#### DATA SECTION:
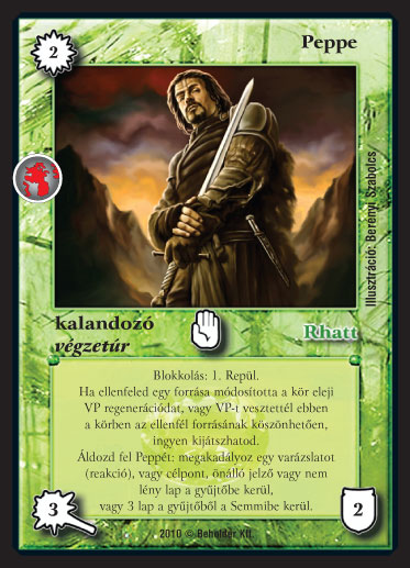 Szöveg: Blokkolás: 1. Repül. Ha ellenfeled egy forrása módosította a kör eleji VP regenerációdat, vagy VP-t vesztettél ebben a körben az ellenfél forrásának köszönhet?en, ingyen kijátszhatod. Áldozd fel Peppét: megakadályoz egy varázslatot (reakció), vagy célpont, önálló jelz? vagy nem lény lap a gy?jt?be kerül, vagy 3 lap a gy?jt?b?l a Semmibe kerül.
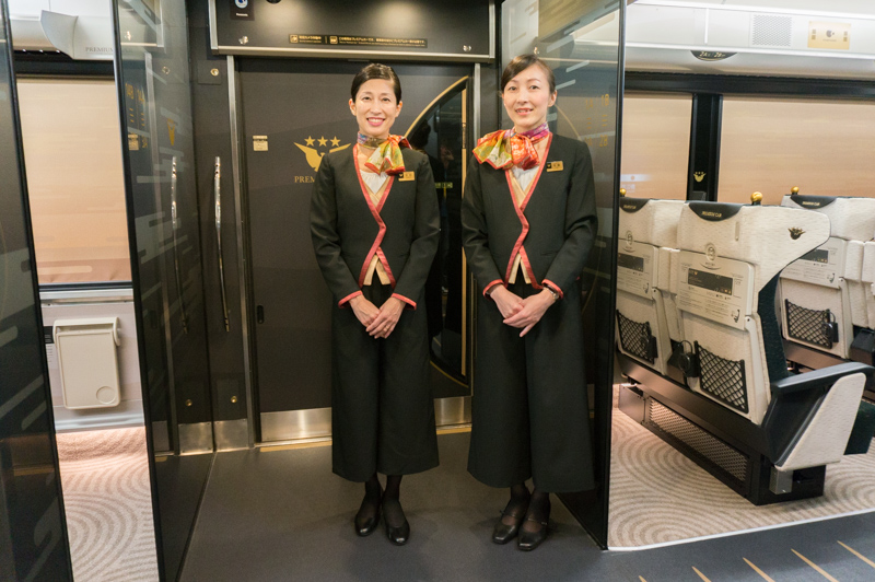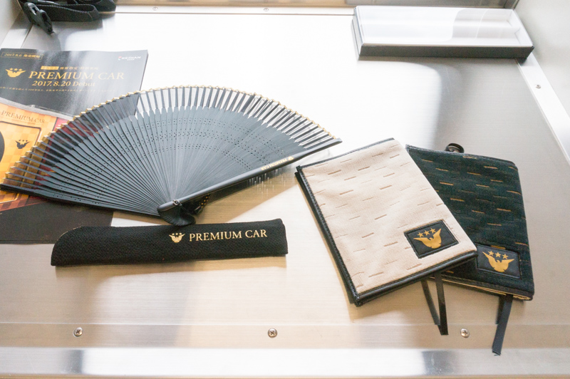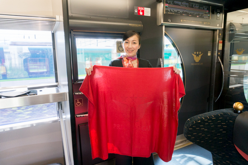 プレミアムカーにはアテンダントの方が乗務されていて、手に持ってもらっているブランケットの貸し出しや物販販売などのサービスをされるようです。
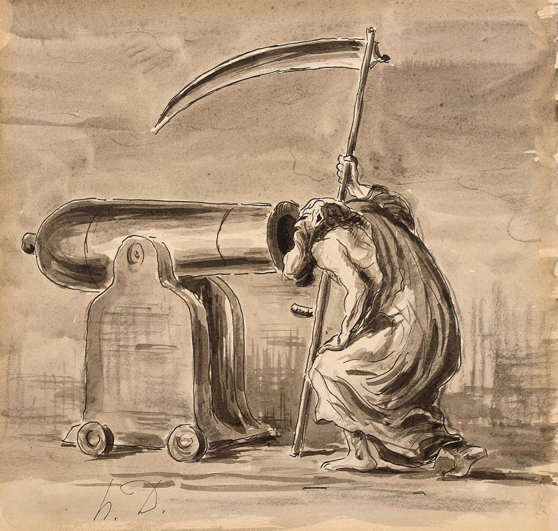 Il existe une gravure, dans le sens inverse de notre dessin, publiée par Daumier dans le journal Le Charivari pour lequel il travaillait. Il est probable que notre composition ait été préparatoire à cette gravure.

#### WORK TASK:
Leave every picture out and copy precisely the lines from the one containing "プレミアムカーにはアテンダン" through the last line of the data above, both ends included.

#### YOUR RESPONSE:
 プレミアムカーにはアテンダントの方が乗務されていて、手に持ってもらっているブランケットの貸し出しや物販販売などのサービスをされるようです。
 Il existe une gravure, dans le sens inverse de notre dessin, publiée par Daumier dans le journal Le Charivari pour lequel il travaillait. Il est probable que notre composition ait été préparatoire à cette gravure.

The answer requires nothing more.